When I saw Dr. John it was at an outdoor concert in Oregon. On his piano was a beautiful vodoun veve, a tapestry. Got his autograph afterwards, he drew me a crescent moon.
A man named Sagada up in Seattle taught me some about using candles and oils, he a longshoreman from New Orleans, in Seattle now doing tarot readings and candles for people. He told me that I reminded him of civil rights workers he met long ago, what a compliment eh?
My friend, Anila, returned to the NW from time spent in New Orleans during Mardi Gras. She'd done bad drugs and bad men and had seen too much of the painful streets during the frenzied celebration. She saw the naked insane ones, the beyond drunk and unsafe ones, she saw the police. Yet, she also told me about how wonderful it was to see the gracious orderly clean up afterwards, that is was near a spiritual experience, watching all the chaos be cleansed.

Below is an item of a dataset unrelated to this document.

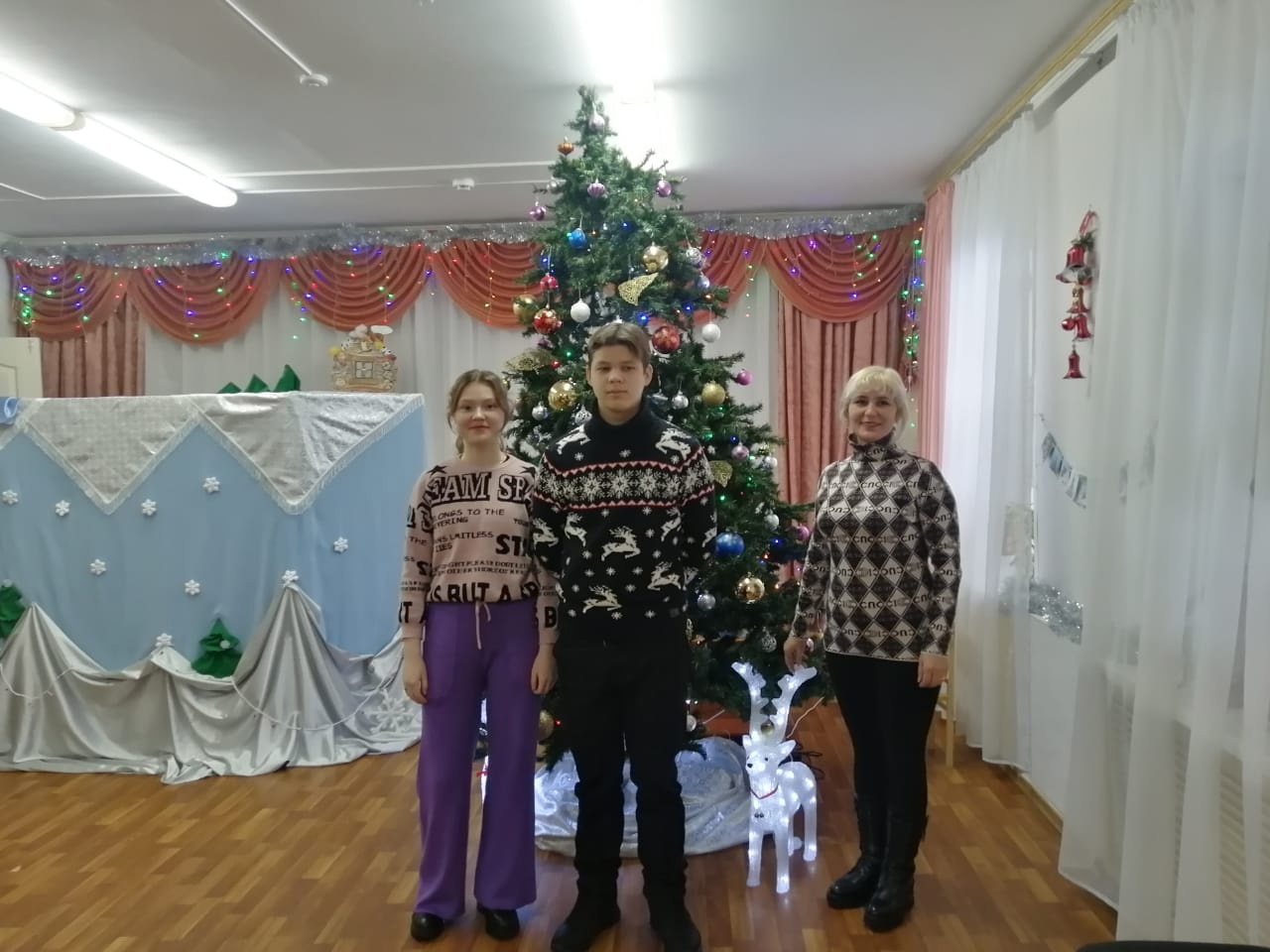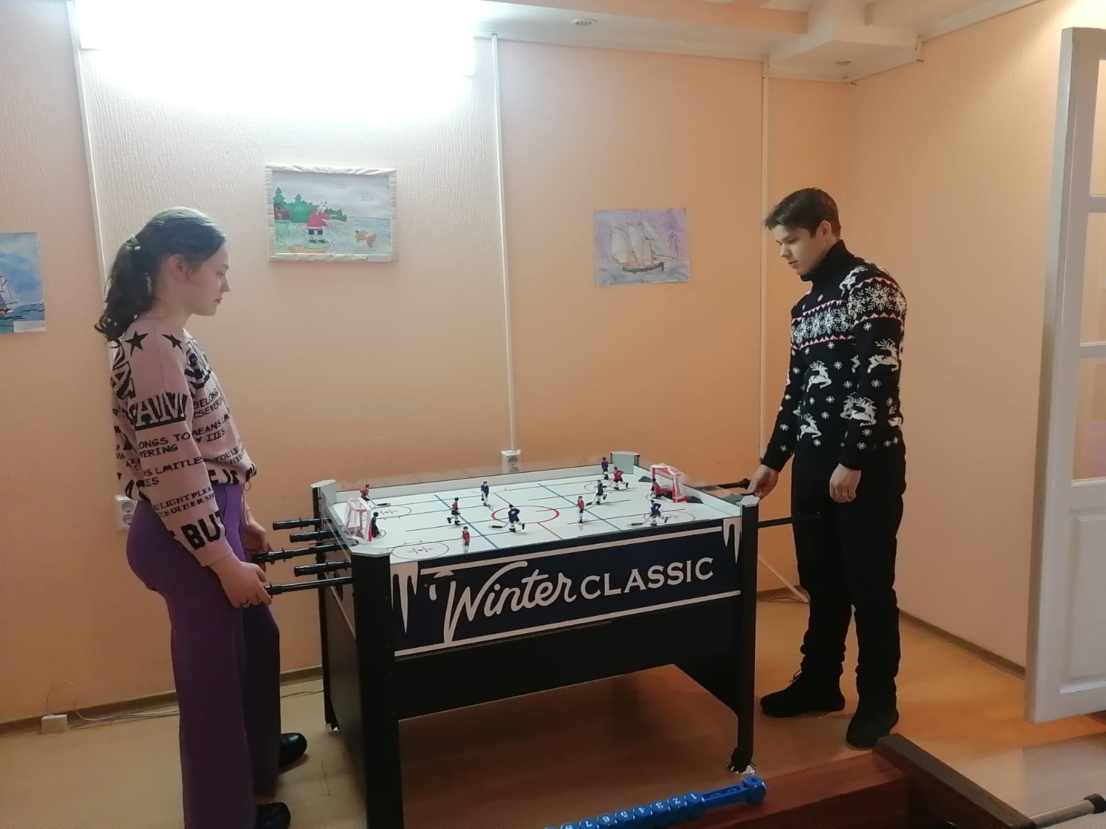 В прихожей оформлена, новогодняя фотозона. Можно посидеть на диване с интересной книгой. А в игровой комнате поиграли в хоккей. Как говорится «Аппетит приходит во время еды», и у наших учеников появилось желание посетить ледовый дворец спорта.

I never had beignets and hot coffee with a whisper of chicory at the Cafe du Monde. I never poked around to see if I could find an authentic rootworker or two. Never checked out the Catholic cathedral and all the syncretic mix of Catholicism and Afro-diasporic faiths. Never lit a candle in a cemetery.
Yet, it is clear, the City has touched me. I'm tipsy for Her, two-headed, from the muck and floods perhaps Her Phoenix shall rise. Surely playing a trumpet for all to hear.